- _YOUR INSTRUCTIONS_: Keep the pictures out while you transcribe the listing below exactly.

- _SOURCE MATERIAL_:

——

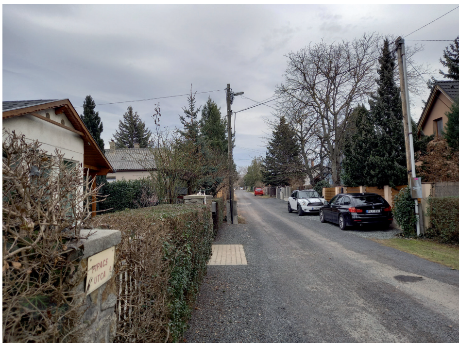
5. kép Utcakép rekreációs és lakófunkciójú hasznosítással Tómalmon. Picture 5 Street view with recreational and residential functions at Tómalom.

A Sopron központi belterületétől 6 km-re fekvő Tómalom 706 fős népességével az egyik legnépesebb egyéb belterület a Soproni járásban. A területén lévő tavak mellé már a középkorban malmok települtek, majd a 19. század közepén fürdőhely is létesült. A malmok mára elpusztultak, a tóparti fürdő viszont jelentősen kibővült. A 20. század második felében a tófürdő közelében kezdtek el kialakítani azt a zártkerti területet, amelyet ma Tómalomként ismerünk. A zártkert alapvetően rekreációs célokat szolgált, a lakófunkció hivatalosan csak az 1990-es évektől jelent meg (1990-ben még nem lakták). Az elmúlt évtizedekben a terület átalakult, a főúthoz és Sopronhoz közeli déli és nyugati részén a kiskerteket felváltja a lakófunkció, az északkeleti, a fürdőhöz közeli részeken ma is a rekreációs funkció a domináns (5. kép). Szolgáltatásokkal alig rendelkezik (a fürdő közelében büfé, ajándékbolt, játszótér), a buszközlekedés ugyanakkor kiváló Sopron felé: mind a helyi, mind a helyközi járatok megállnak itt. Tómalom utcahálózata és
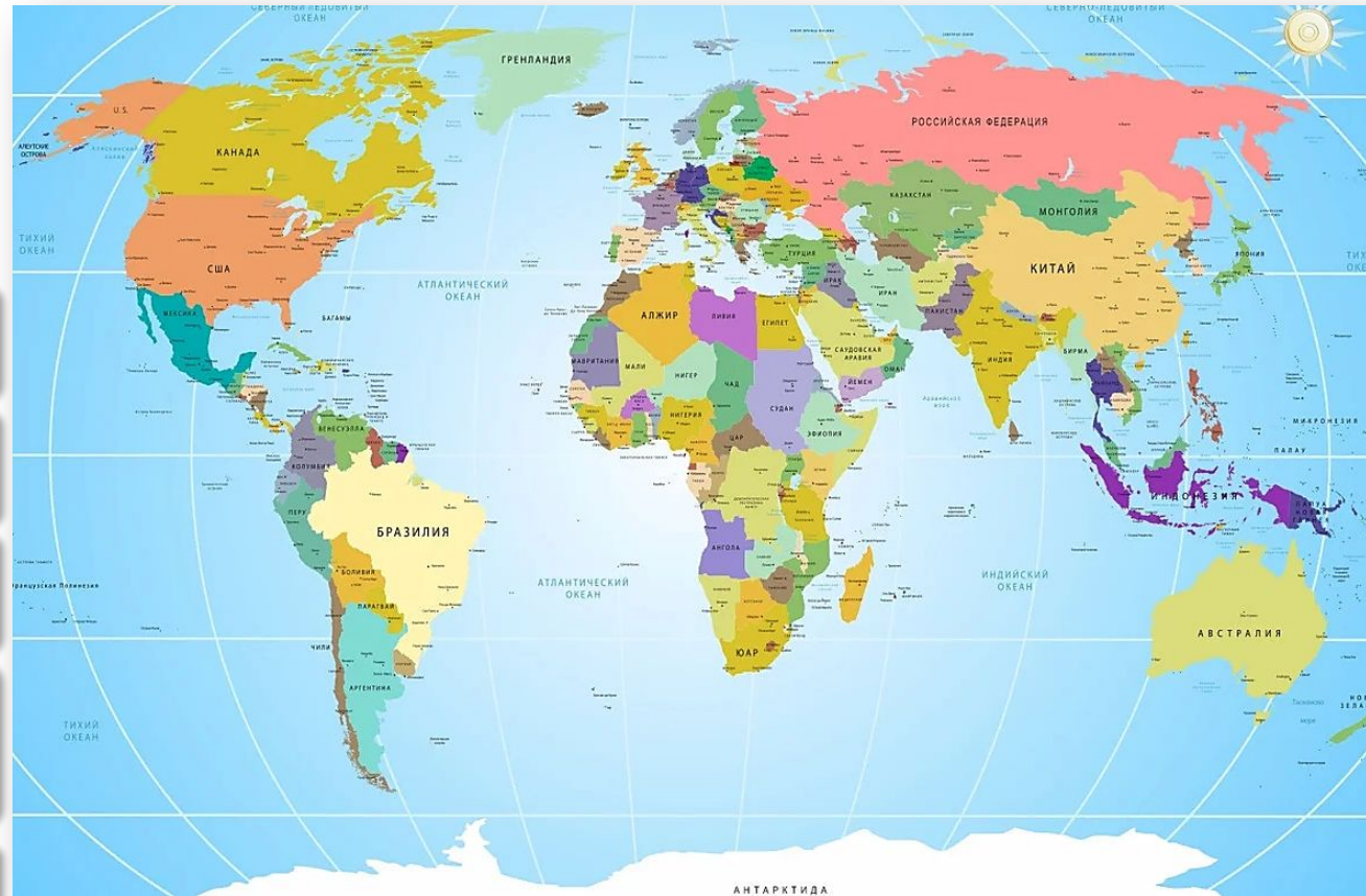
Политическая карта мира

——

- _OUTPUT FOR THIS EXERCISE_:
5. kép Utcakép rekreációs és lakófunkciójú hasznosítással Tómalmon. Picture 5 Street view with recreational and residential functions at Tómalom.

A Sopron központi belterületétől 6 km-re fekvő Tómalom 706 fős népességével az egyik legnépesebb egyéb belterület a Soproni járásban. A területén lévő tavak mellé már a középkorban malmok települtek, majd a 19. század közepén fürdőhely is létesült. A malmok mára elpusztultak, a tóparti fürdő viszont jelentősen kibővült. A 20. század második felében a tófürdő közelében kezdtek el kialakítani azt a zártkerti területet, amelyet ma Tómalomként ismerünk. A zártkert alapvetően rekreációs célokat szolgált, a lakófunkció hivatalosan csak az 1990-es évektől jelent meg (1990-ben még nem lakták). Az elmúlt évtizedekben a terület átalakult, a főúthoz és Sopronhoz közeli déli és nyugati részén a kiskerteket felváltja a lakófunkció, az északkeleti, a fürdőhöz közeli részeken ma is a rekreációs funkció a domináns (5. kép). Szolgáltatásokkal alig rendelkezik (a fürdő közelében büfé, ajándékbolt, játszótér), a buszközlekedés ugyanakkor kiváló Sopron felé: mind a helyi, mind a helyközi járatok megállnak itt. Tómalom utcahálózata és
Политическая карта мира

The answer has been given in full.